Thousands of gleeful Australian sporting fans gathered under overcast skies Tuesday morning at the steps of the iconic Sydney Opera House to shower their Ashes winning cricket team which blanked England out 5-0.
With Prime Minister Tony Abbott the head cheerleader, the crowd was whipped into a frenzy over triumph, having restored the country's pride after the Australians themselves were thrashed 0-3 in England last August.
"Thank you for making everyone of us so proud," the prime minister declared as the nation basks in one of the greatest cricketing triumphs in Australian history.
Initially dismissed as rank outsiders after successive Test series losses in England and India (0-4), the locals, led by spearhead paceman Mitchell Johnson and reinstated veteran Brad Haddin, gave the English a lesson that will go down in cricketing folklore.

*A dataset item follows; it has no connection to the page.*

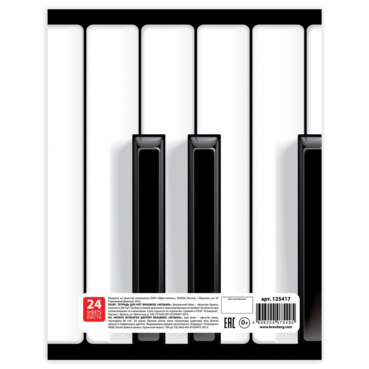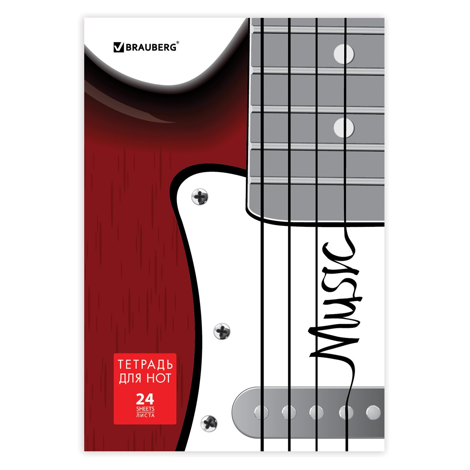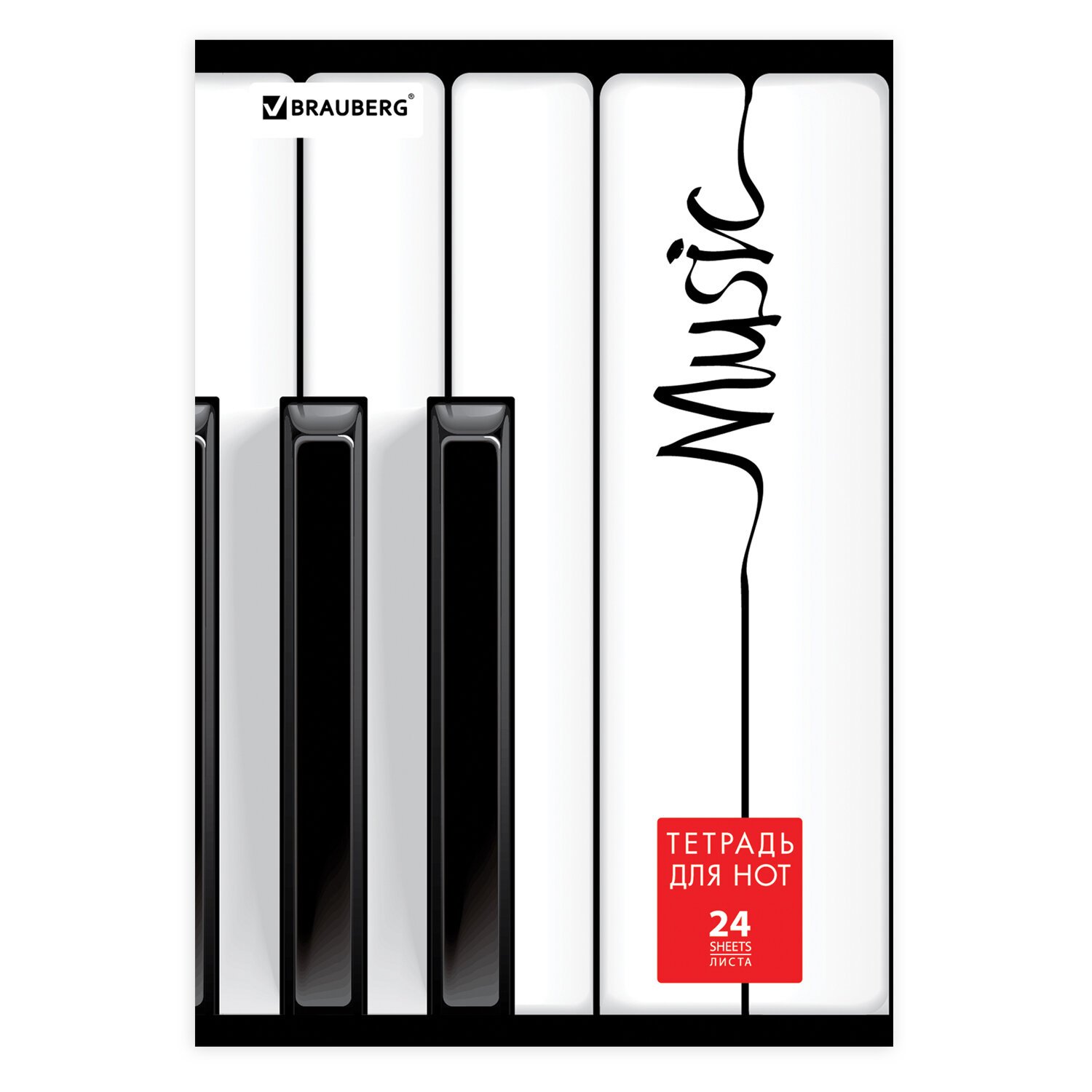 Тетрадь для нот А4, 24 л., BRAUBERG, обложка мелованный картон, вертикальная, на скобе, BRAUBERG, "Музыка", 125417

Introduced by Abbott, the entire squad mingled generously with fans and media alike.
Former vice captain Shane Watson told Xinhua that victory was sweet.
"It just doesn't get any better than this... we've worked hard and always maintained that self-belief."
Watson said coach and former Test batsmen Darren Lehmann was at the heart of the whitewash.
"He's reminded us the joy of playing... it's changed everything," Watson said.
While the day will be savoured, the Australians will have one eye on South Africa, with another tour of redemption to kick off in February.
After more than a decade on top of the world rankings, Australian cricket reached a stunning low point at the hands of South Africa less than two years ago. The Proteas world-beating pace attack decimated the Australians in Cape Town, at one stage leaving them at 9-21 before being bowled out for a historic low of 47.
Those memories will need to be eradicated before cricket fans in this sport-mad nation can return to something akin to business as usual.
Perhaps the only low point on a day of celebration are the reports coming out of Melbourne that Tasmanian captain George Bailey will face the axe after a slim series at number six.
His understudy in Tasmania, Alex Doolan looks the likely replacement, according to the Sun Herald, with Doolan moving to number three and Watson dropping to number six, leaving no place for the one-day specialist.
The 31-year-old Bailey has still been tipped to make the touring squad.
Bailey was upbeat at the Opera House celebrations, posing for photographs with delighted fans and signing autographs, but refused to speculate on the make-up of the South African tour.
"I just want to enjoy the day," he said.
And he wasn't the only one.
The vocal crowd saved their largest cheer for the resurrected pacemen and man of the series, Mitchell Johnson, unmissable with his handlebar moustache.
Formerly a figure of ridicule for his poor Ashes performances, Johnson simply blew the English batsmen off the pitch, beginning in Brisbane and finishing in Sydney with 37 wickets at 13.97 apiece.
Johnson was at the heart of Australia's methodical dismemberment of the once powerful English team which included a brutal finish in Sydney on the weekend when the English were executed and packed off within three days.